Requirement: When the listing below reaches the line that has "XX2023今年以来,XX区", start reproducing exactly; stop after the line that has "國方 諭史さんの外格は16画の5点!", and drop the pictures.

Provided data:
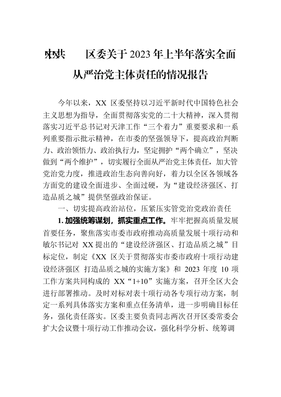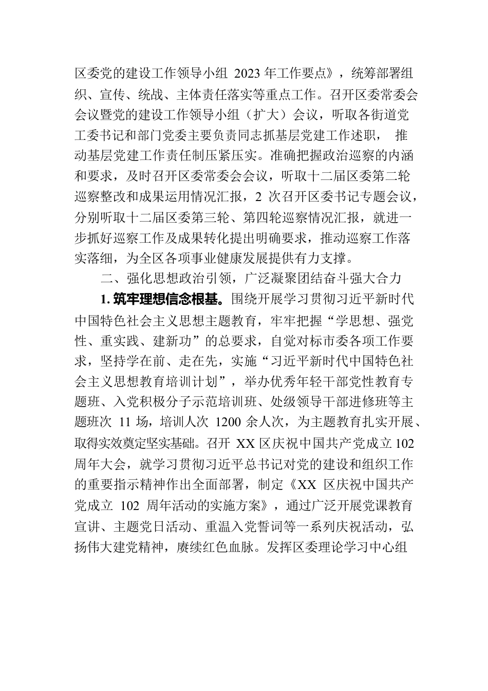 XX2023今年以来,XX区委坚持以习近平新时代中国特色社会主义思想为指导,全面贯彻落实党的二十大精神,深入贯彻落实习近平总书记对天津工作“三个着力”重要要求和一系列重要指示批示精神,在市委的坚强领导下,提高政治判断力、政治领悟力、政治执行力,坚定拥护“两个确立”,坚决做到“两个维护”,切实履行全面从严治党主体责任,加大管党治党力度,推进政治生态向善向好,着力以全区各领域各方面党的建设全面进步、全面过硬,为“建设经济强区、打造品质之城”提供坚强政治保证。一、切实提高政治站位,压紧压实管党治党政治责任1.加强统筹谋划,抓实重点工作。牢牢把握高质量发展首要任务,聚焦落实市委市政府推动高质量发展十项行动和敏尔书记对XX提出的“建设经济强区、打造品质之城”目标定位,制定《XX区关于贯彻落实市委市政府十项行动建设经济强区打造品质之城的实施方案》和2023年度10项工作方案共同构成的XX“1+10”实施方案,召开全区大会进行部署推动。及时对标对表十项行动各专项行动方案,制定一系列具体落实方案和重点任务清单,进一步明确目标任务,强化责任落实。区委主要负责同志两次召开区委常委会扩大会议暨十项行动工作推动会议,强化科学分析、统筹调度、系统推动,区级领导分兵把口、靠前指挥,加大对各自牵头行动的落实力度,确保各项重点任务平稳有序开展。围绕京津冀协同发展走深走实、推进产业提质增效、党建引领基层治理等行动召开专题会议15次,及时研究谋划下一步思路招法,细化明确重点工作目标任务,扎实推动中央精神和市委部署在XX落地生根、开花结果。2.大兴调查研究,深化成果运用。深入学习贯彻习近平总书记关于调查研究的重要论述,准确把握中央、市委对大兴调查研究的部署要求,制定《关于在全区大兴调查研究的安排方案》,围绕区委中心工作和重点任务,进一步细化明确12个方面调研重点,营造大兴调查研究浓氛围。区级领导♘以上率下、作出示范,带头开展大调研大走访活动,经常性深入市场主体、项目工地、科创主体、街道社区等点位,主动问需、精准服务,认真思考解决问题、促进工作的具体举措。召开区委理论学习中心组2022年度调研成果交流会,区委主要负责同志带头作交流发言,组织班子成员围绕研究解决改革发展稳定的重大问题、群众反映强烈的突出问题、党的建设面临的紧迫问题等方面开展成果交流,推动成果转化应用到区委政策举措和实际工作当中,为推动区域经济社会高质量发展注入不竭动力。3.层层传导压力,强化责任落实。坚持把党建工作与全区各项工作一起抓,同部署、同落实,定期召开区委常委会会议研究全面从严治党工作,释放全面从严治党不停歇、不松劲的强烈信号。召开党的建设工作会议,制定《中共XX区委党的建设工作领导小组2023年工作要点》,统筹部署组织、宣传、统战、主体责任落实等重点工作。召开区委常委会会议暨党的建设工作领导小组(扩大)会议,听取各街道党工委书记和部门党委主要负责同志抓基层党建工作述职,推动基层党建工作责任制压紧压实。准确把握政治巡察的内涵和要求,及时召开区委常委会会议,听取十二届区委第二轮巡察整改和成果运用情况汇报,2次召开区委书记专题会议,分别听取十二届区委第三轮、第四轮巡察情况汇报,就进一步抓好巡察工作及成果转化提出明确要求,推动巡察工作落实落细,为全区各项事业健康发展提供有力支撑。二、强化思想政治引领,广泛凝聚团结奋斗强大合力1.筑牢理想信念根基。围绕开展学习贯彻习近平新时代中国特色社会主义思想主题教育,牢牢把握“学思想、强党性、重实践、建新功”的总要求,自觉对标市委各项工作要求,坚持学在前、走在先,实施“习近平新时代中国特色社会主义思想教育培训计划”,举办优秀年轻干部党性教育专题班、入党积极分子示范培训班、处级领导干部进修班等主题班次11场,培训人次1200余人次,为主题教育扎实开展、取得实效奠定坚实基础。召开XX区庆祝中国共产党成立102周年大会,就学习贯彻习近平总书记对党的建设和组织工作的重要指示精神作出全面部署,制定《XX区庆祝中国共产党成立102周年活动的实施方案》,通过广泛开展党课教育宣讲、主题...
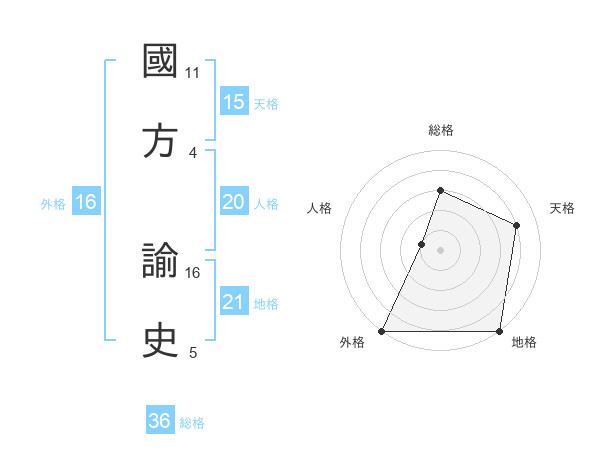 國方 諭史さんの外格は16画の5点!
---
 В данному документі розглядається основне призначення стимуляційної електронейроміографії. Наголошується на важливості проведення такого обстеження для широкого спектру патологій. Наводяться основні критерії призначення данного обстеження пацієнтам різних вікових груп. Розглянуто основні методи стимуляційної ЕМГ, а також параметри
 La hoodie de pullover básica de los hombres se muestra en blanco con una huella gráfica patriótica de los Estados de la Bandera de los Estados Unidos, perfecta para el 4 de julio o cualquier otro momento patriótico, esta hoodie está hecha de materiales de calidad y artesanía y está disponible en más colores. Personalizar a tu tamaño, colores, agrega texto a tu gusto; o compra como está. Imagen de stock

Answer section:
 XX2023今年以来,XX区委坚持以习近平新时代中国特色社会主义思想为指导,全面贯彻落实党的二十大精神,深入贯彻落实习近平总书记对天津工作“三个着力”重要要求和一系列重要指示批示精神,在市委的坚强领导下,提高政治判断力、政治领悟力、政治执行力,坚定拥护“两个确立”,坚决做到“两个维护”,切实履行全面从严治党主体责任,加大管党治党力度,推进政治生态向善向好,着力以全区各领域各方面党的建设全面进步、全面过硬,为“建设经济强区、打造品质之城”提供坚强政治保证。一、切实提高政治站位,压紧压实管党治党政治责任1.加强统筹谋划,抓实重点工作。牢牢把握高质量发展首要任务,聚焦落实市委市政府推动高质量发展十项行动和敏尔书记对XX提出的“建设经济强区、打造品质之城”目标定位,制定《XX区关于贯彻落实市委市政府十项行动建设经济强区打造品质之城的实施方案》和2023年度10项工作方案共同构成的XX“1+10”实施方案,召开全区大会进行部署推动。及时对标对表十项行动各专项行动方案,制定一系列具体落实方案和重点任务清单,进一步明确目标任务,强化责任落实。区委主要负责同志两次召开区委常委会扩大会议暨十项行动工作推动会议,强化科学分析、统筹调度、系统推动,区级领导分兵把口、靠前指挥,加大对各自牵头行动的落实力度,确保各项重点任务平稳有序开展。围绕京津冀协同发展走深走实、推进产业提质增效、党建引领基层治理等行动召开专题会议15次,及时研究谋划下一步思路招法,细化明确重点工作目标任务,扎实推动中央精神和市委部署在XX落地生根、开花结果。2.大兴调查研究,深化成果运用。深入学习贯彻习近平总书记关于调查研究的重要论述,准确把握中央、市委对大兴调查研究的部署要求,制定《关于在全区大兴调查研究的安排方案》,围绕区委中心工作和重点任务,进一步细化明确12个方面调研重点,营造大兴调查研究浓氛围。区级领导♘以上率下、作出示范,带头开展大调研大走访活动,经常性深入市场主体、项目工地、科创主体、街道社区等点位,主动问需、精准服务,认真思考解决问题、促进工作的具体举措。召开区委理论学习中心组2022年度调研成果交流会,区委主要负责同志带头作交流发言,组织班子成员围绕研究解决改革发展稳定的重大问题、群众反映强烈的突出问题、党的建设面临的紧迫问题等方面开展成果交流,推动成果转化应用到区委政策举措和实际工作当中,为推动区域经济社会高质量发展注入不竭动力。3.层层传导压力,强化责任落实。坚持把党建工作与全区各项工作一起抓,同部署、同落实,定期召开区委常委会会议研究全面从严治党工作,释放全面从严治党不停歇、不松劲的强烈信号。召开党的建设工作会议,制定《中共XX区委党的建设工作领导小组2023年工作要点》,统筹部署组织、宣传、统战、主体责任落实等重点工作。召开区委常委会会议暨党的建设工作领导小组(扩大)会议,听取各街道党工委书记和部门党委主要负责同志抓基层党建工作述职,推动基层党建工作责任制压紧压实。准确把握政治巡察的内涵和要求,及时召开区委常委会会议,听取十二届区委第二轮巡察整改和成果运用情况汇报,2次召开区委书记专题会议,分别听取十二届区委第三轮、第四轮巡察情况汇报,就进一步抓好巡察工作及成果转化提出明确要求,推动巡察工作落实落细,为全区各项事业健康发展提供有力支撑。二、强化思想政治引领,广泛凝聚团结奋斗强大合力1.筑牢理想信念根基。围绕开展学习贯彻习近平新时代中国特色社会主义思想主题教育,牢牢把握“学思想、强党性、重实践、建新功”的总要求,自觉对标市委各项工作要求,坚持学在前、走在先,实施“习近平新时代中国特色社会主义思想教育培训计划”,举办优秀年轻干部党性教育专题班、入党积极分子示范培训班、处级领导干部进修班等主题班次11场,培训人次1200余人次,为主题教育扎实开展、取得实效奠定坚实基础。召开XX区庆祝中国共产党成立102周年大会,就学习贯彻习近平总书记对党的建设和组织工作的重要指示精神作出全面部署,制定《XX区庆祝中国共产党成立102周年活动的实施方案》,通过广泛开展党课教育宣讲、主题...
 國方 諭史さんの外格は16画の5点!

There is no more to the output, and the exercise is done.